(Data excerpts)
++++

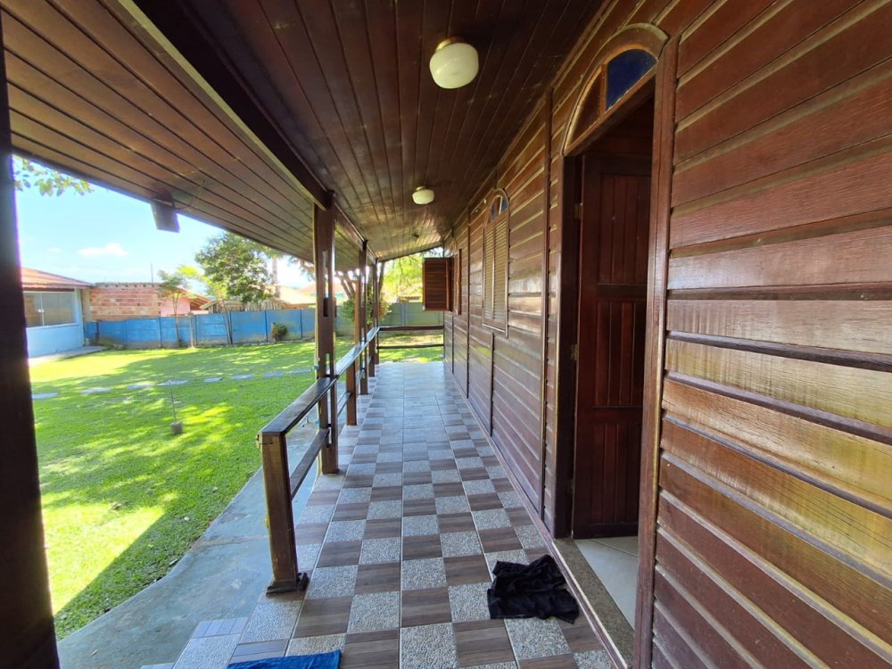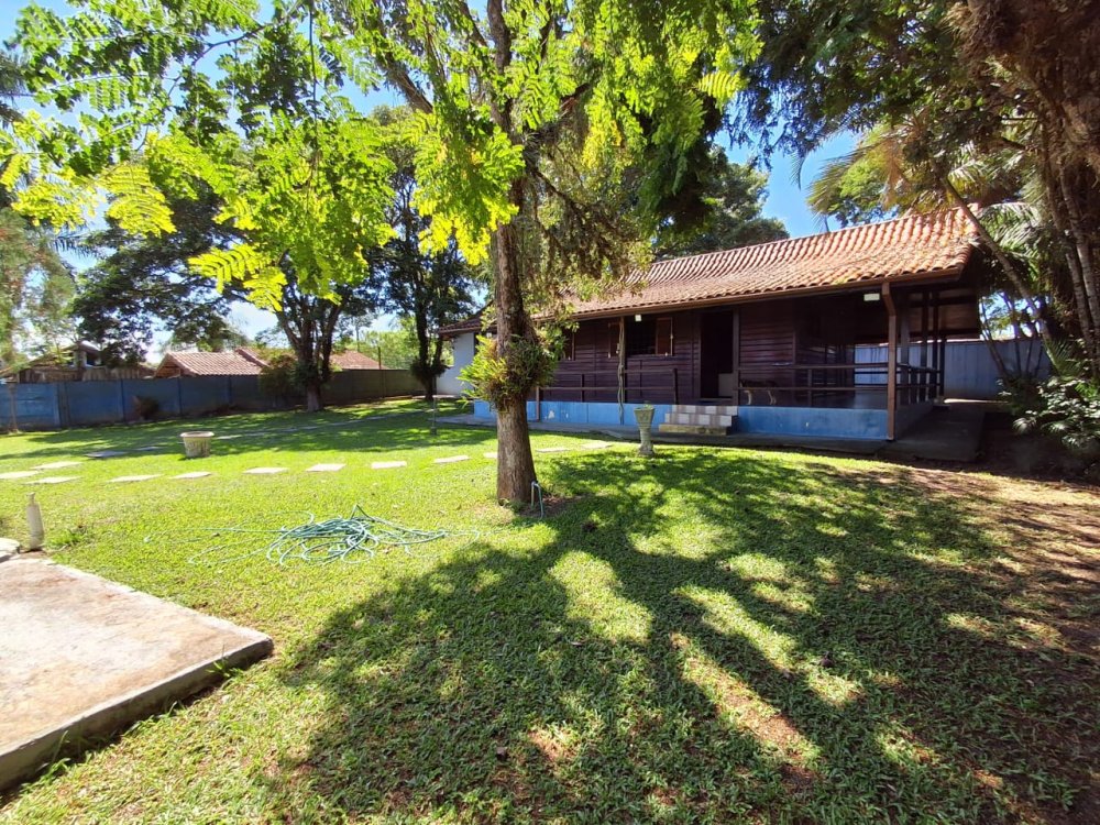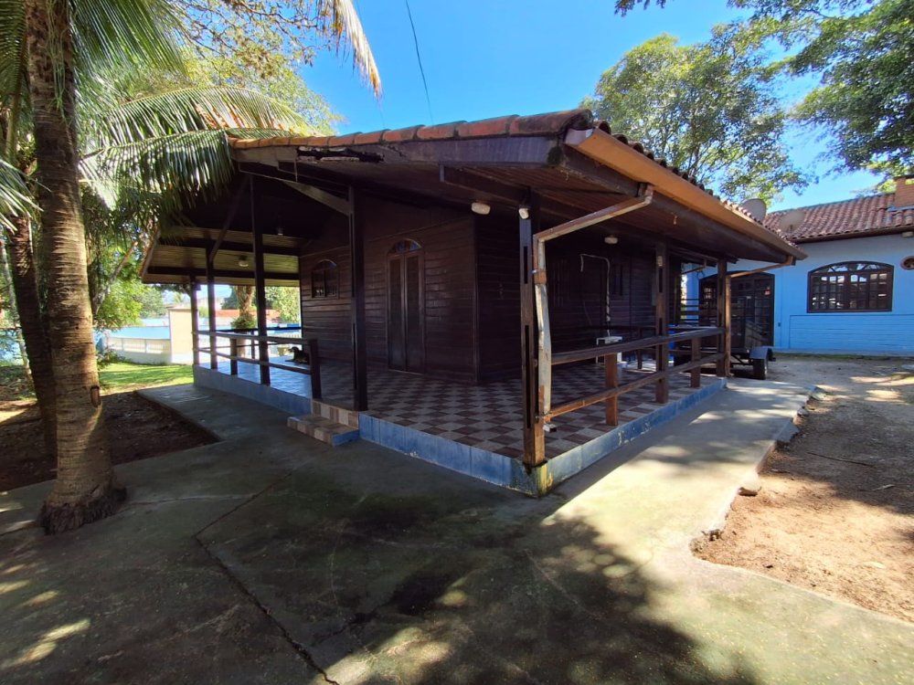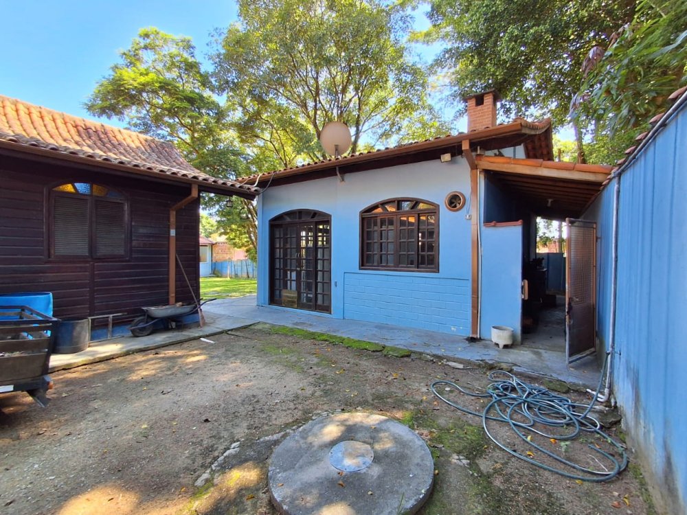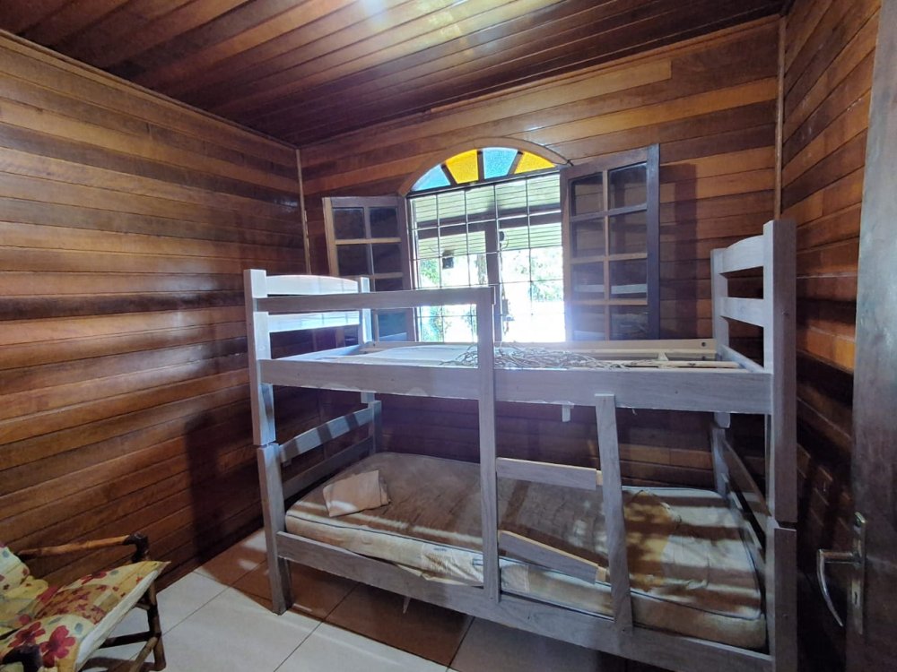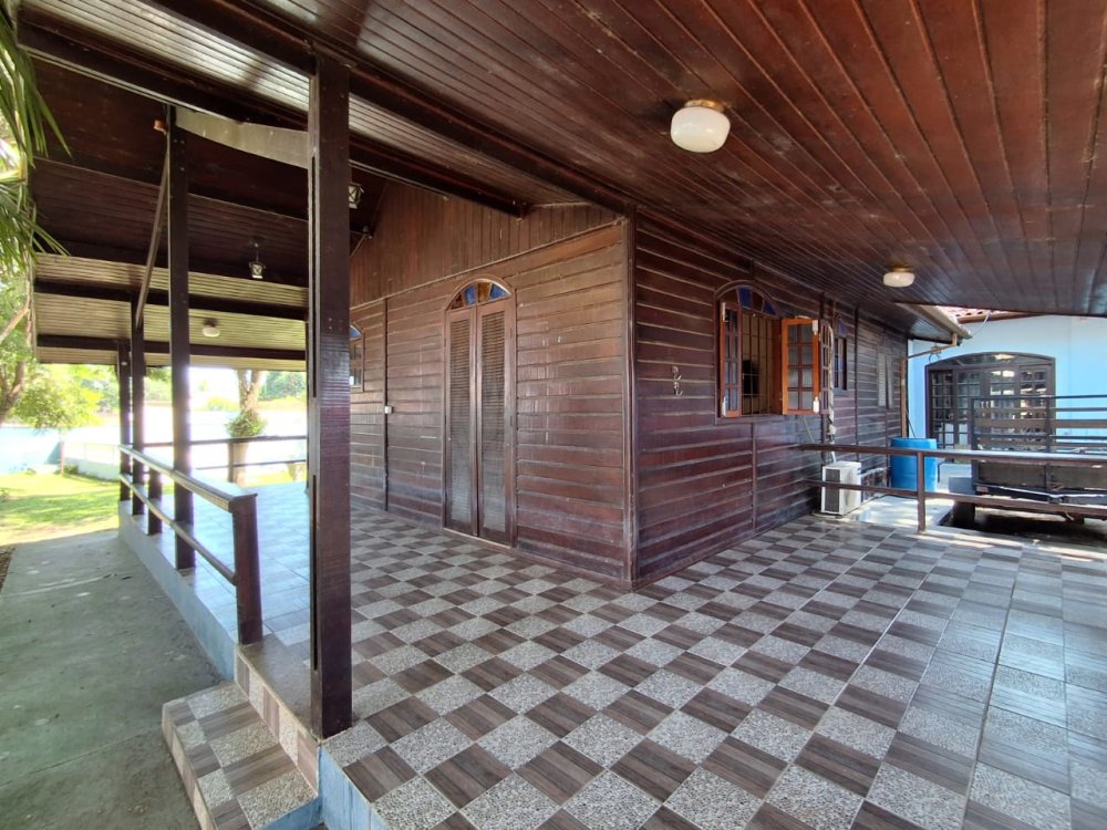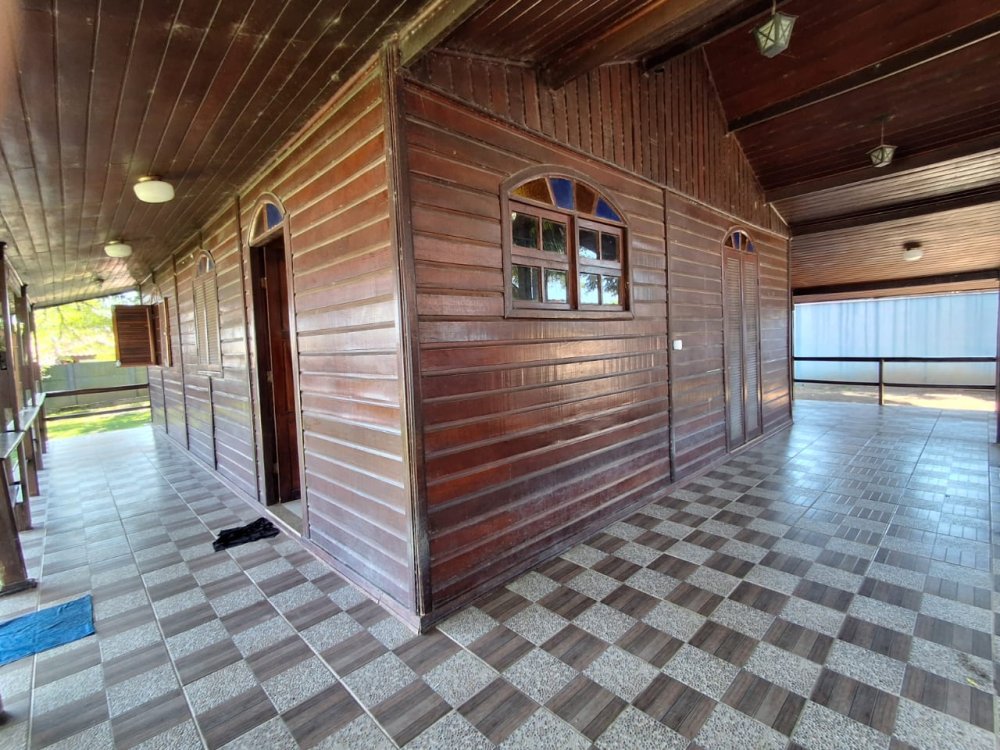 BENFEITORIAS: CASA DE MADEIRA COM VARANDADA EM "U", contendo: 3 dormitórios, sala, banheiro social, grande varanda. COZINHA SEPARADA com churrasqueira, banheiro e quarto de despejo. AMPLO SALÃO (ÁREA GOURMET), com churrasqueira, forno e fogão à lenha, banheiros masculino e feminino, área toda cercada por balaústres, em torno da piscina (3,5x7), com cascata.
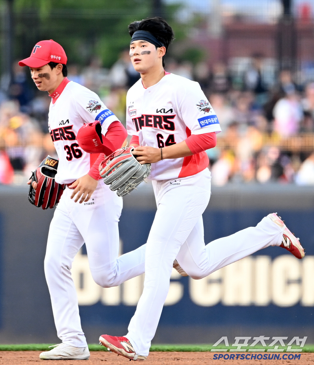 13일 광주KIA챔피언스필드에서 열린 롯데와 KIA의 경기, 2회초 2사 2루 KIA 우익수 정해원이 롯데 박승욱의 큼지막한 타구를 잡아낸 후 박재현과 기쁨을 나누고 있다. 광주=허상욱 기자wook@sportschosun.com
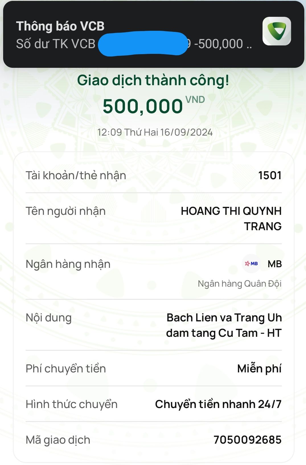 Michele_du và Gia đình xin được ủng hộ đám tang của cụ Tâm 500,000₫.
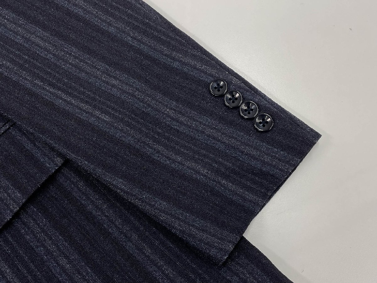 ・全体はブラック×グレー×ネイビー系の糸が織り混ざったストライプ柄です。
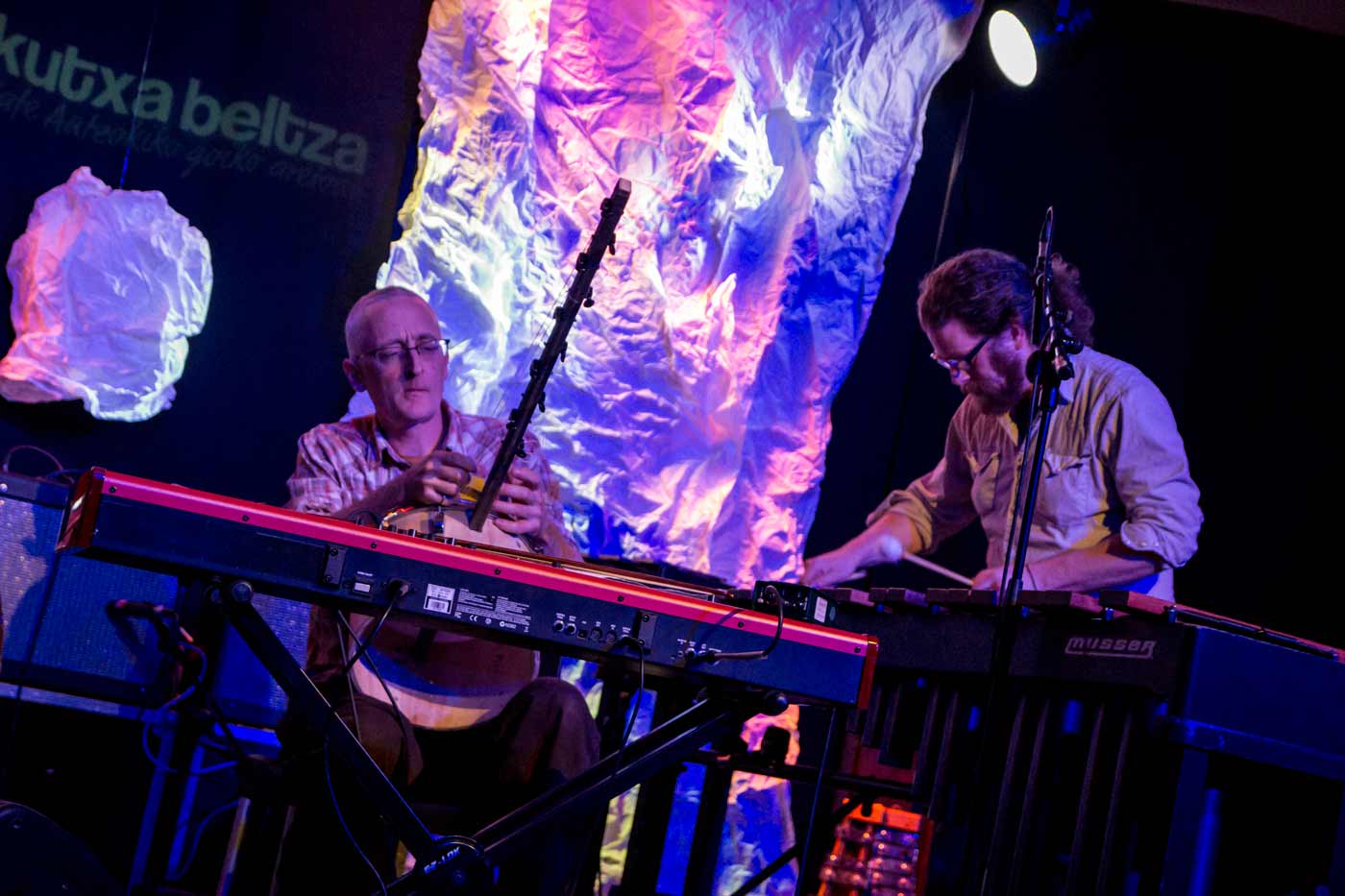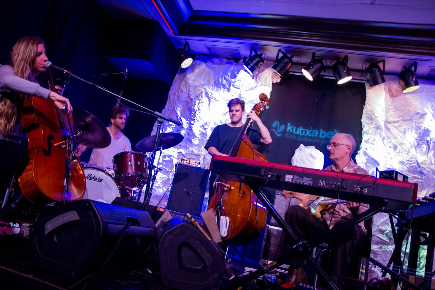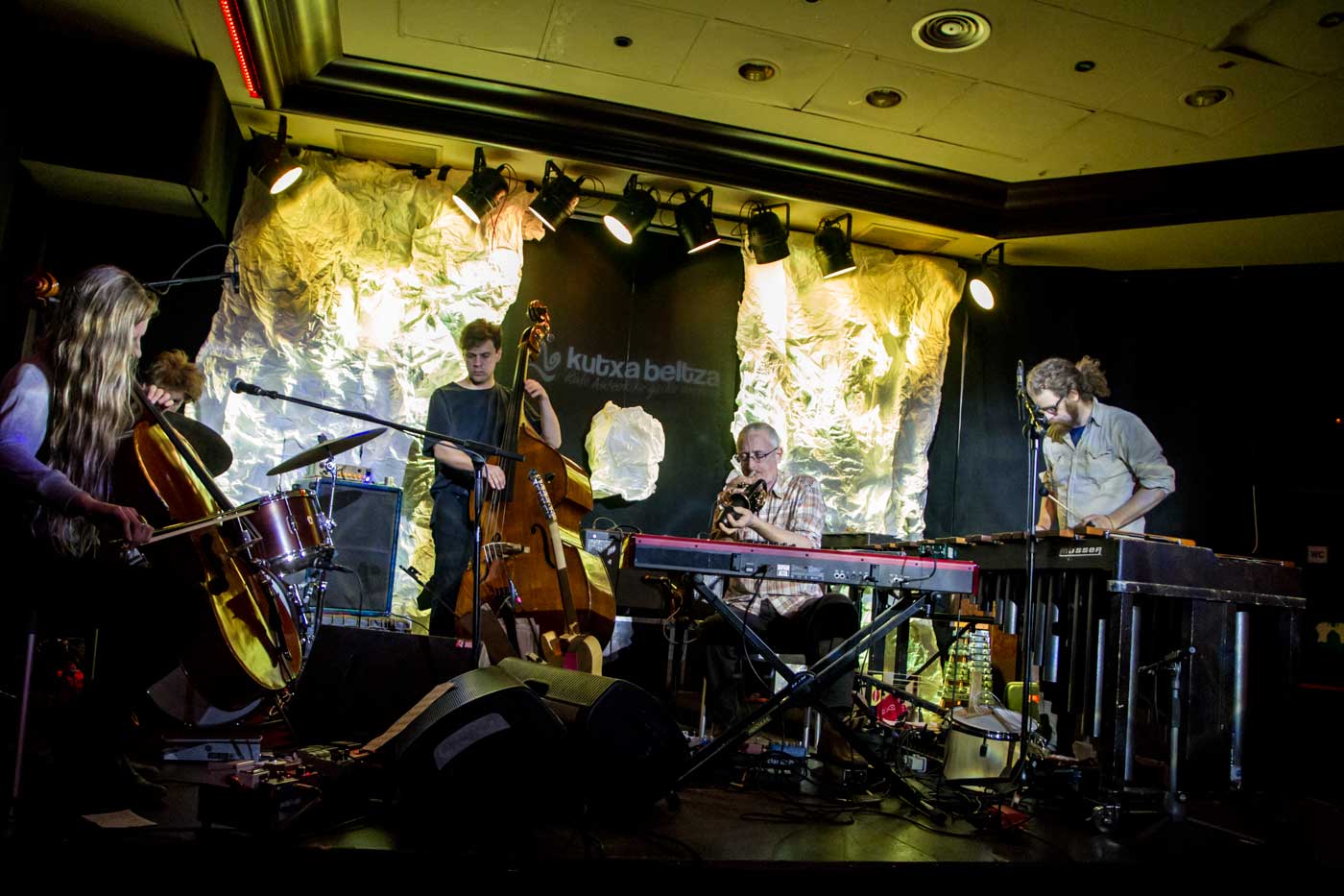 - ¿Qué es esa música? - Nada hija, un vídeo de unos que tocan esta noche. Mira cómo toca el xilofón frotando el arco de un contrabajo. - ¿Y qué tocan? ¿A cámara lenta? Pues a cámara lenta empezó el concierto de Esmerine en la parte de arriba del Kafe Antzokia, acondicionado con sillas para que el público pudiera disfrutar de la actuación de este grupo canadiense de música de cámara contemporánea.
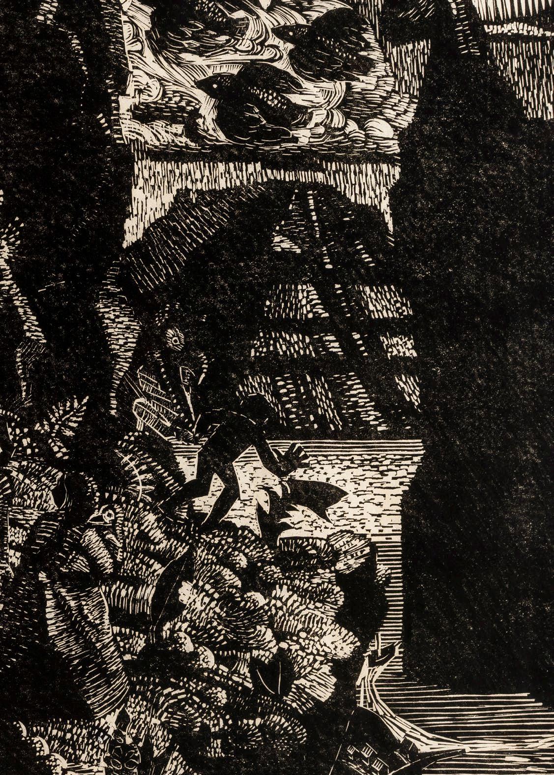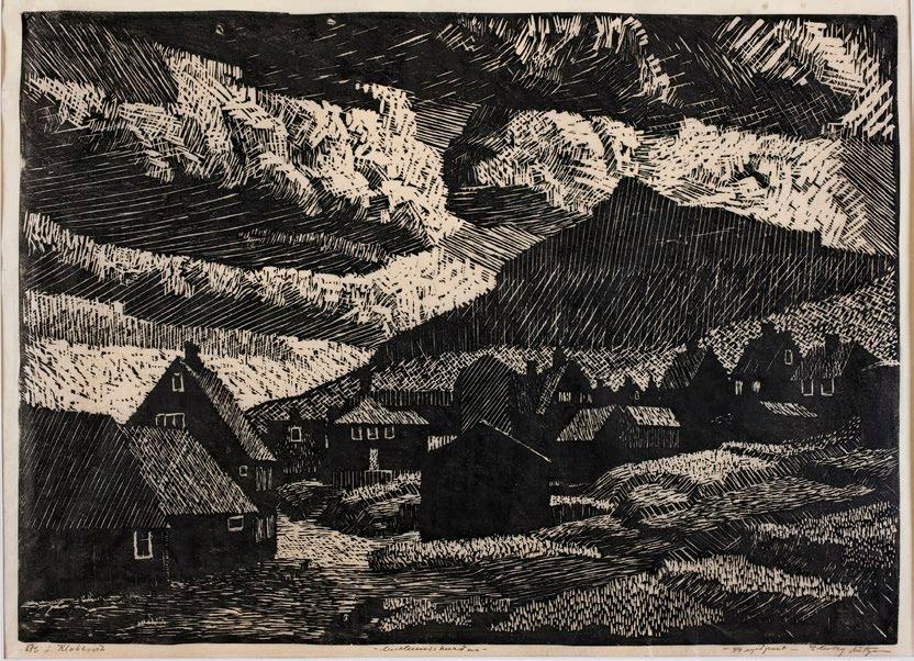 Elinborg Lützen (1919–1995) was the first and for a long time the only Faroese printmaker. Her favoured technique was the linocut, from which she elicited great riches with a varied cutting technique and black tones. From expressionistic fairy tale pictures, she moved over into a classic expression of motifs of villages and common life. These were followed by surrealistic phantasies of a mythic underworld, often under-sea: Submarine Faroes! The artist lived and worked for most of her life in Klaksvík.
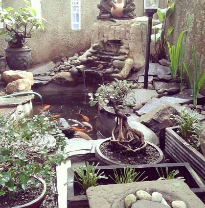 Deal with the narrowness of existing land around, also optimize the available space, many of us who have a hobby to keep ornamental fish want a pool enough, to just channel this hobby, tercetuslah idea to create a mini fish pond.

++++

**Problem requirements**
Please reproduce, word for word, every line from the first line of the records above through the line containing "- ¿Qué es esa", and leave out the pictures.

**Reply to the task**
 BENFEITORIAS: CASA DE MADEIRA COM VARANDADA EM "U", contendo: 3 dormitórios, sala, banheiro social, grande varanda. COZINHA SEPARADA com churrasqueira, banheiro e quarto de despejo. AMPLO SALÃO (ÁREA GOURMET), com churrasqueira, forno e fogão à lenha, banheiros masculino e feminino, área toda cercada por balaústres, em torno da piscina (3,5x7), com cascata.
 13일 광주KIA챔피언스필드에서 열린 롯데와 KIA의 경기, 2회초 2사 2루 KIA 우익수 정해원이 롯데 박승욱의 큼지막한 타구를 잡아낸 후 박재현과 기쁨을 나누고 있다. 광주=허상욱 기자wook@sportschosun.com
 Michele_du và Gia đình xin được ủng hộ đám tang của cụ Tâm 500,000₫.
 ・全体はブラック×グレー×ネイビー系の糸が織り混ざったストライプ柄です。
 - ¿Qué es esa música? - Nada hija, un vídeo de unos que tocan esta noche. Mira cómo toca el xilofón frotando el arco de un contrabajo. - ¿Y qué tocan? ¿A cámara lenta? Pues a cámara lenta empezó el concierto de Esmerine en la parte de arriba del Kafe Antzokia, acondicionado con sillas para que el público pudiera disfrutar de la actuación de este grupo canadiense de música de cámara contemporánea.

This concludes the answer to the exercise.